(Stored entries)
============
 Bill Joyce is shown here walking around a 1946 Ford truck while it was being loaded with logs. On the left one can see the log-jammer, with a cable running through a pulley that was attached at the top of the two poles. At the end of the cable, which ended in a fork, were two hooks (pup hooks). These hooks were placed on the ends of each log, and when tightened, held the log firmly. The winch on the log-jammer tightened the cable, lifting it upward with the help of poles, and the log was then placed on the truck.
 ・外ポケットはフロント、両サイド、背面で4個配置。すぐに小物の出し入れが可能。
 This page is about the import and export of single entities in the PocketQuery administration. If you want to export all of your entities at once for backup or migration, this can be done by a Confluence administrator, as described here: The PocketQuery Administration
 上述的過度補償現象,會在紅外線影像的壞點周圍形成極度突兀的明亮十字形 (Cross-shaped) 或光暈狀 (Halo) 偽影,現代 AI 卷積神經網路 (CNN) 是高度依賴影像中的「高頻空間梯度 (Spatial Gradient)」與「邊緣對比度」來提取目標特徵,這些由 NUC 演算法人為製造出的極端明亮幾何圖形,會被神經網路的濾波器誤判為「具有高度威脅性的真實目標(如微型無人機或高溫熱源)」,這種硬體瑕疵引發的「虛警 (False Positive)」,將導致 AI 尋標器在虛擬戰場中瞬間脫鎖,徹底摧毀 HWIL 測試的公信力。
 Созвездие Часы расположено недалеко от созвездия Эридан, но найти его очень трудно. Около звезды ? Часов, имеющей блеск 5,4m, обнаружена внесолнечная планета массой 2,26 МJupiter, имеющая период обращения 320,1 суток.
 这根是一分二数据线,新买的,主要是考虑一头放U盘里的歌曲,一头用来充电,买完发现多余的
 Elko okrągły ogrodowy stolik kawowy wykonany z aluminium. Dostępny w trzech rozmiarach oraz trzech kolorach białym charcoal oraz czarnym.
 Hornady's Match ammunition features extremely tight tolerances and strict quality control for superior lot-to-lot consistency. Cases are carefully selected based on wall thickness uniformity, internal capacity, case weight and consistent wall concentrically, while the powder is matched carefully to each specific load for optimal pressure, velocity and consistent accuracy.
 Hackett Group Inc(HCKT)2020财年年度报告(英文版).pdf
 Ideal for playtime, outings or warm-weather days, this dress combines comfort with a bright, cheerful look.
============
= To do =
Your answer consists solely of the lines from the top of the records above through the line that contains "这根是一分二数据线,新买的,主要是考虑一", each echoed exactly.

= Answer below =
 Bill Joyce is shown here walking around a 1946 Ford truck while it was being loaded with logs. On the left one can see the log-jammer, with a cable running through a pulley that was attached at the top of the two poles. At the end of the cable, which ended in a fork, were two hooks (pup hooks). These hooks were placed on the ends of each log, and when tightened, held the log firmly. The winch on the log-jammer tightened the cable, lifting it upward with the help of poles, and the log was then placed on the truck.
 ・外ポケットはフロント、両サイド、背面で4個配置。すぐに小物の出し入れが可能。
 This page is about the import and export of single entities in the PocketQuery administration. If you want to export all of your entities at once for backup or migration, this can be done by a Confluence administrator, as described here: The PocketQuery Administration
 上述的過度補償現象,會在紅外線影像的壞點周圍形成極度突兀的明亮十字形 (Cross-shaped) 或光暈狀 (Halo) 偽影,現代 AI 卷積神經網路 (CNN) 是高度依賴影像中的「高頻空間梯度 (Spatial Gradient)」與「邊緣對比度」來提取目標特徵,這些由 NUC 演算法人為製造出的極端明亮幾何圖形,會被神經網路的濾波器誤判為「具有高度威脅性的真實目標(如微型無人機或高溫熱源)」,這種硬體瑕疵引發的「虛警 (False Positive)」,將導致 AI 尋標器在虛擬戰場中瞬間脫鎖,徹底摧毀 HWIL 測試的公信力。
 Созвездие Часы расположено недалеко от созвездия Эридан, но найти его очень трудно. Около звезды ? Часов, имеющей блеск 5,4m, обнаружена внесолнечная планета массой 2,26 МJupiter, имеющая период обращения 320,1 суток.
 这根是一分二数据线,新买的,主要是考虑一头放U盘里的歌曲,一头用来充电,买完发现多余的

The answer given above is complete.